Two year old Elodie lives with her mum Tasha in East Yorkshire. Elodie sustained a brain injury at birth, and needs a variety of equipment to support her movement and development. However, as her mum Tasha explains, this equipment can be prohibitively expensive for families with disabled children.
We’re incredibly grateful for Tasha and Elodie for sharing their story with us, and we’re delighted to be able to provide funding for the new buggy which will help them get out and about, making life that little bit easier.
If you can help us help more families like Elodie and Tasha, please donate today.
TRANSCRIPT
Everything in Elodie’s body works fine, but her brain just doesn’t
talk to any of it. So there’s nothing wrong with her eyes, her ears, or her hands,
her brain just doesn’t tell them how to work.
My pregnancy was absolutely fine, then she came eight weeks
early. She was put on a monitor when we got there and she said that she had had
a dip in her heart rate, so they wanted to keep us in overnight for monitoring.
Then the doctors came in and said they needed to get the baby out in the next
fifteen minutes, so they rushed us down to theatre.
Elodie was taken straight to NICU and then over the next few
days, she started presenting with symptoms of an oxygen starvation. She went
for an MRI and they then told us that she had a severe brain injury, survival
would be rare, she wouldn’t walk, talk, cry or anything. So we were in NICU for
60 days.
I met Scott in Australia about six years ago, he had two
children there, they were three and six when we met. When Elodie was born and
we got the news that she had a brain injury, and the level of care she’d
require… the NHS have to tell you the worst case scenario, and I get that from
their point of view. But I think when you’re finding out something as severe as
that, it’s probably the worst thing you can do because you lose hope.
I refused to, but he lost that hope. He listened to everything
they said and thought, that’s it, that’s our life over. He lost his mum that
January and that absolutely floored him, on top of this, and then after a few
attempts, he committed suicide in May 2022. He just couldn’t fight any more for
her, and he was convinced that she wasn’t going to survive. So, that just left
me and her.
So we applied to wheelchair services to get Elodie a chair because
by this point, she was starting to show signs of scoliosis, her spine was
starting to curve, and she was just in a regular buggy. We went to the
wheelchair assessment place and after explaining to them how my knees are
really week, I live in a house that is not fit for purpose with a special needs
child and I’m on my own and the buggies they were showing me were really cumbersome,
they were 25 kilos plus, and the chap just looked at me and went, ‘Yeah, they’re
probably not right for you.’
Again I’m back to this fight, now I’m gonna have to fight for
a buggy that suits Elodie. So I did some research and found a buggy called the
Hoggy Buggy, it’s perfect for Elodie. It’s narrow, it’s half the weight of the other
ones, you can turn it so with Elodie’s respiratory issues she can face me. It’s
six grand – why? The NHS ones are a fraction of that.
This is Elodie, are you going to say hello? Can you say hello?

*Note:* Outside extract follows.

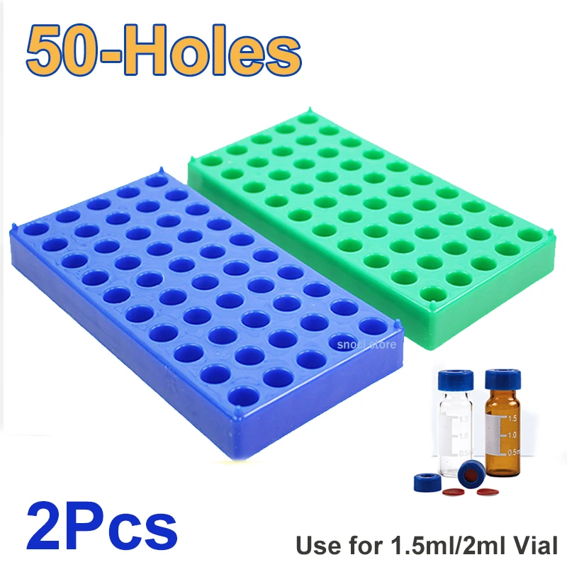 Estante de plástico para viales, 50 soportes adecuados para viales de 12mm, 1,5/2ml, estantes para tubos de centrífuga, almacenamiento de péptidos, suministro de laboratorio apilable, 2 unids/pack

(Elodie babbles). Good girl!
In Elodie’s two years we’ve been privately fundraising for
the majority of her equipment and it’s not just the things that people expect
you to fundraise for. She’s on CBD oil to stop her seizures, that’s 500 pounds
a month. What I find with fundraising is, you know, you only have a select
amount of people you can approach to raise money and you start needing a buggy,
you raise money for that or you raise money for a walker and then something
else comes along, and how many times can you go to that same pool of people and
ask them to help you?
We’ve generously been given the money for the buggy from
Yorkshire Children’s Charity and I think what makes them so special is the fact
that they understand that it isn’t just a one-off piece of equipment that we
will require for Elodie. It was the easiest – of all my battles since Elodie
was born, it was the quickest process, it was the easiest process. What you
find with having a special needs child is you have to go over and over and over
what has happened to you. You didn’t have that with this, it was four really
quick questions and I think within a matter of days we had an answer. I got an
email when I was at my brother’s house and I burst into tears and said ‘Finally,
someone’s on our side’.
My hopes for the future… I just want her to live. If she can
have a life, a pain-free life, then we’ve won, because we were told it wouldn’t
happen. As stupid as it sounds, my biggest milestone for her would be to see
her smile. Because she’s never smiled before, so that would be her biggest achievement
for me, because then I’d know she was happy.
(To Elodie) You’re my life now, pudding. Yes you are.